This topic describes how to perform a disaster recovery drill for a PolarDB for MySQL cluster.
Overview
You can use the disaster recovery drill feature to perform a disaster recovery drill on a PolarDB for MySQL cluster. Disaster recovery drills can be performed in the node or zone dimension. In the node, you can select only one node for a drill. After the drill starts and faults are injected, the specified node becomes unavailable. The PolarDB for MySQL cluster can be recovered based on the selected recovery policy. For more information about recovery policies, see Recovery phase.
The disaster recovery drill feature is in canary release. To use the feature, contact us.
Prerequisites
The PolarDB for MySQL cluster must meet the following requirements:
Database edition: Enterprise Edition.
Database engine:
MySQL 5.6 with revision version 5.6.1.0.42 or later.
MySQL 5.7 with revision version 5.7.1.0.26 or later.
MySQL 8.0.1 with revision version 8.0.1.1.30.2 or later.
MySQL 8.0.2 with revision version 8.0.2.2.19 or later.
Precautions
Disaster recovery drills entail risks such as transient connections and data loss. To prevent your business from being affected, we recommend that you clone a new cluster and perform a drill on it. You can also use the intelligent stress testing feature together to simulate production workloads and perform fault drills.
Notes on data loss risks:
When you perform a disaster recovery drill in the zone dimension and if RPO is less than 60, data loss may occur.
However, no data loss occurs under the following conditions: the drill is performed in the node dimension, the cluster contains hot standby nodes or read-only nodes, and RPO is 0.
Procedure
Log on to the PolarDB console.
In the left-side navigation pane, click Clusters.

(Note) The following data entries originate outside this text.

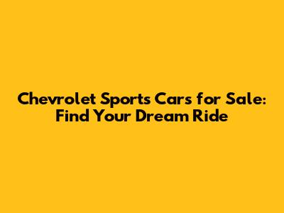 Chevrolet Sports Cars For Sale: Find Your Dream Ride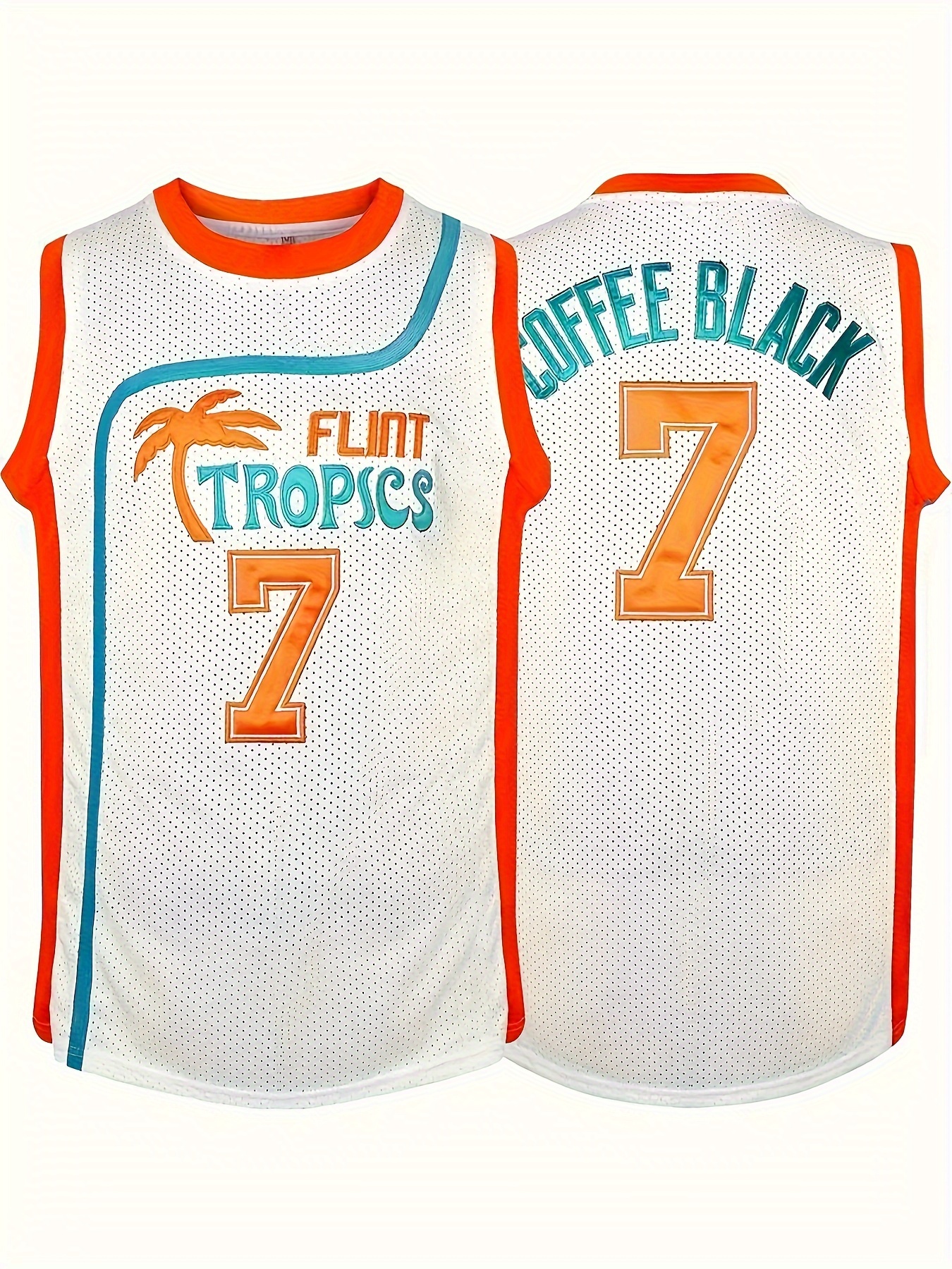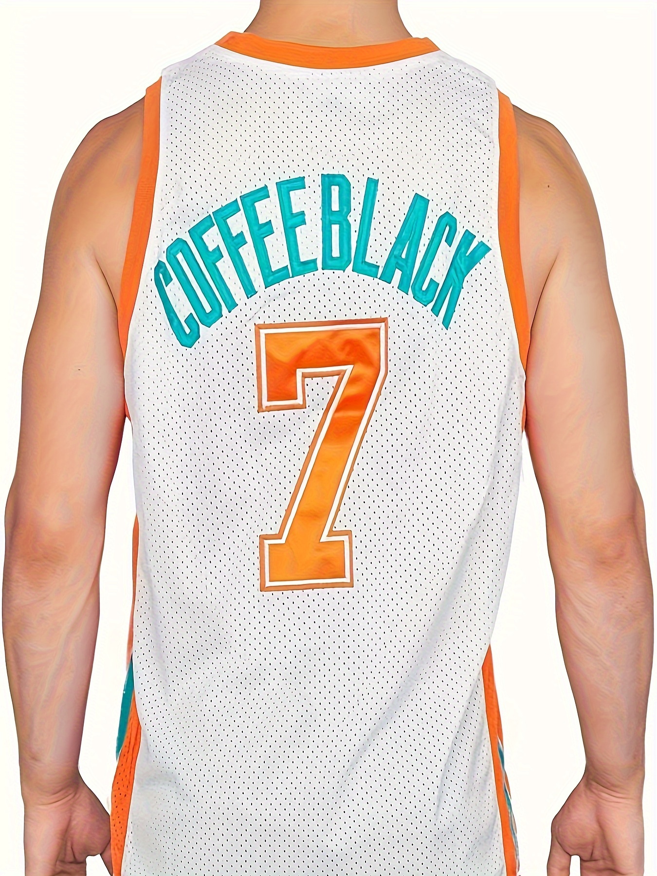 COFFEE BLACK #7 Retro Embroidery Design Jersey - Men's Breathable Sleeveless Basketball Training Uniform For Summer Party And Street Wear - Comfortable Round-Neck Sports Apparel For Active Lifestyles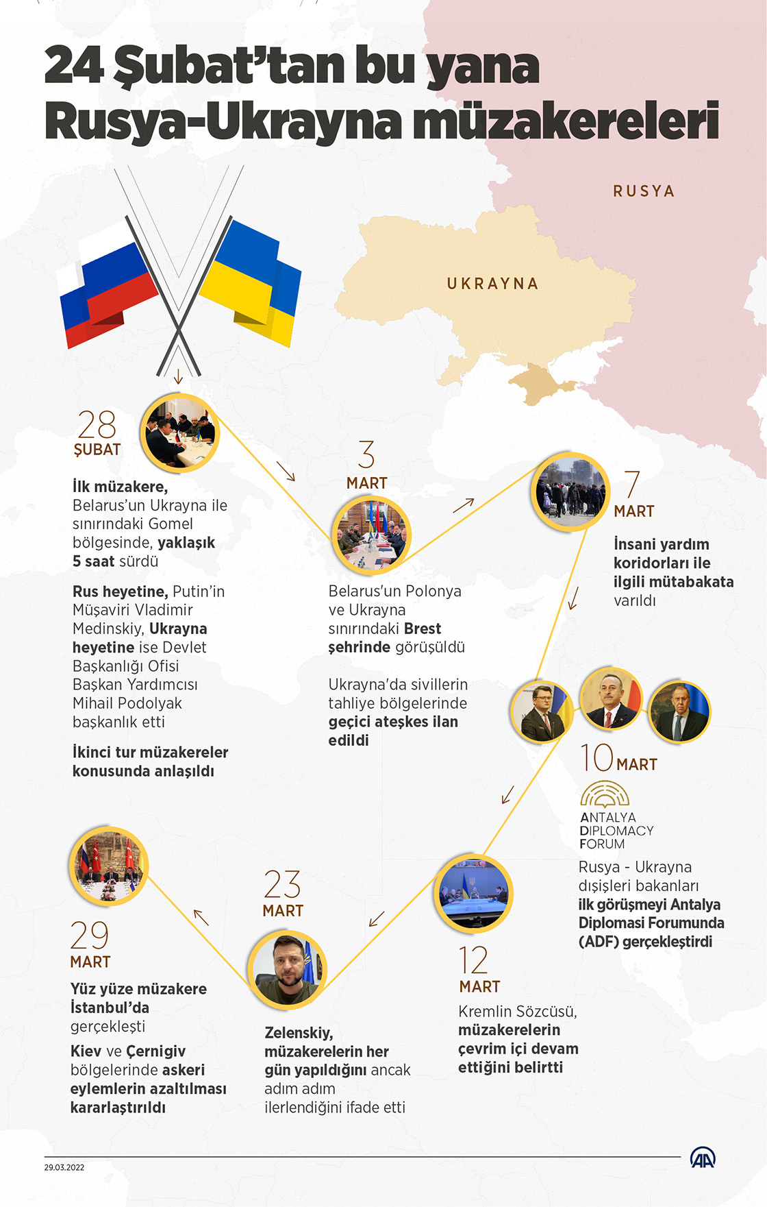 İstanbul görüşmelerine katılan Rusya Savunma Bakan Yardımcısı Fomin, Kiev ve Çernigiv yönlerinde askeri eylemlerini azaltmaya karar verdiklerini açıkladı. (Grafik: Muhammed Ali Yiğit/AA)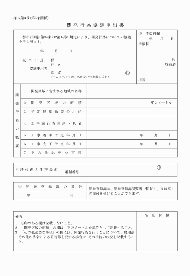 第5条 国の機関又は都道府県等(法第34条の2第1項に規定する都道府県等をいう。以下同じ。)は、同項の協議をしようとするときは、開発行為協議申出書(様式第3号)を市長に提出しなければならない。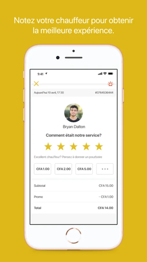 • Une fois la réservation effectuée, consultez les informations et l’indice de satisfaction de votre chauffeur.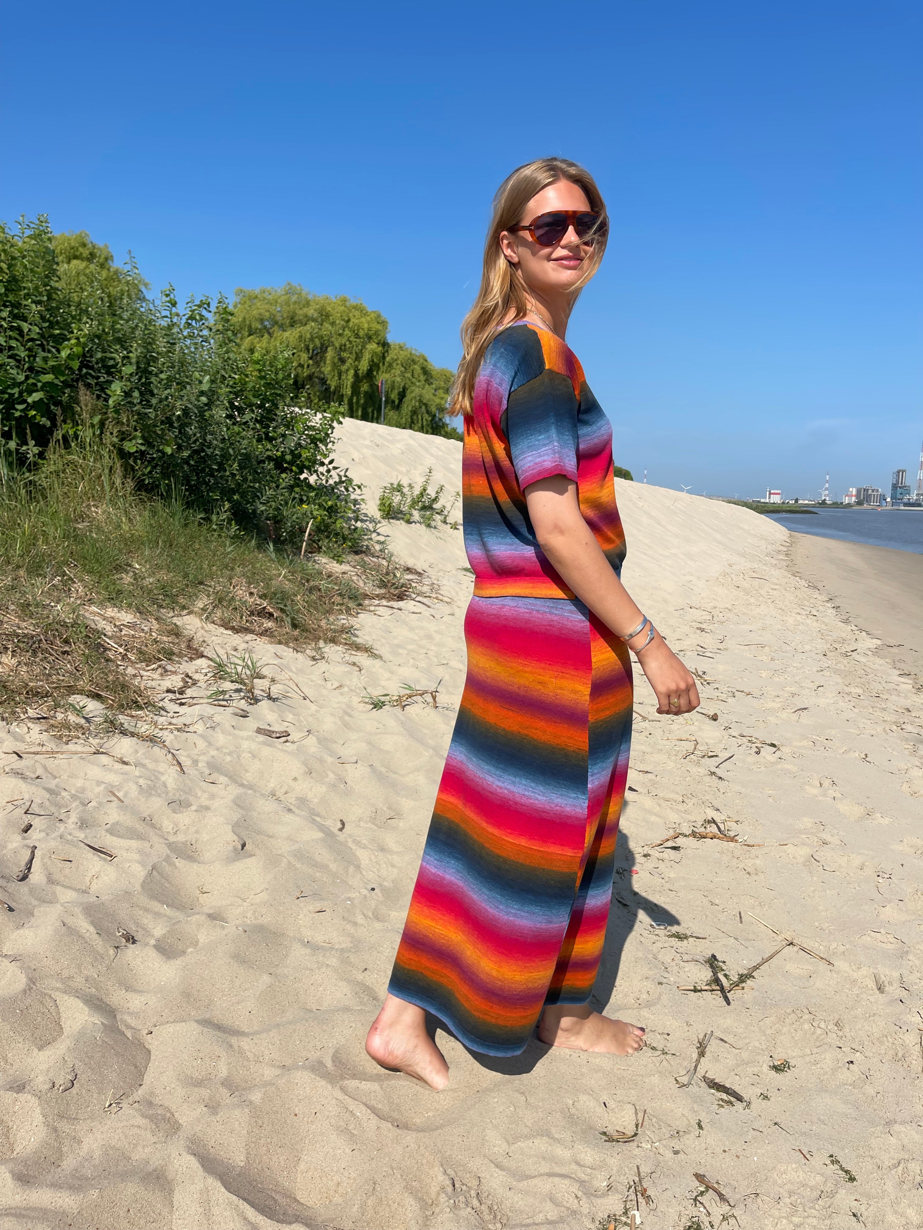 A knitted skirt, made from soft cotton. Comfortable, breathable and perfect for colorful everyday styling.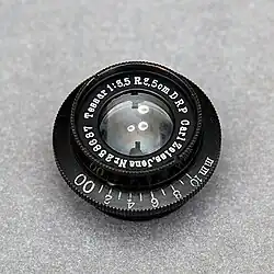 The Tessar was the standard high-quality, moderate-aperture, normal-perspective lens of the twentieth century. The Kodak Anastigmat Special 100mm f/3.5 on the Kodak Super Six-20 (1938, USA), the first autoexposure still camera, was a Tessar,[36] as was the D. Zuiko 2.8 cm f/3.5 on the Olympus Pen (1959, Japan), the original Pen half frame camera;[37] the Schneider S-Xenar 40mm f/3.5 on the late version of the Rollei 35 (1974, West Germany/Singapore);[38][39] and the AF Nikkor D 45mm f/2.8P Special Edition for the Nikon FM3A (2001, Japan), the last manual focus 35mm SLR released by a major maker.[40] It was fitting that the Zeiss Stiftung's last camera, the Zeiss Ikon S 312, had a Zeiss Tessar 40mm f/2.8 (1972, West Germany).[41]

In the upper-left corner, select the region where the cluster to which you want to connect is deployed.
Find the cluster and click its ID.
In the left-side navigation pane, click Service Availability. On the page that appears, click the Drill tab.
On the Drill page, select the zone or nodes where you want to perform the drill. Click Start Drill.
NoteOn the Drill page, the Intelligent Stress Testing and Clone Cluster shortcuts are provided.
If you select a zone, the drill is performed on all nodes in the zone.
In the Fault Injection Method dialog box, select Fault Injection By Node. Click OK.
On the Drill page, you can view the status of the drill task and the phases in the Drill List section.
Node dimension
Zone dimension
Drill phases
Fault injection
Inject faults based on the Drill Nodes and Fault Injection Method values.
Recovery phase
The following sections detail the recovery phase.
Node dimension
If you select the primary node to perform the drill and the cluster contains a hot standby node, the hot standby node is promoted to the primary node.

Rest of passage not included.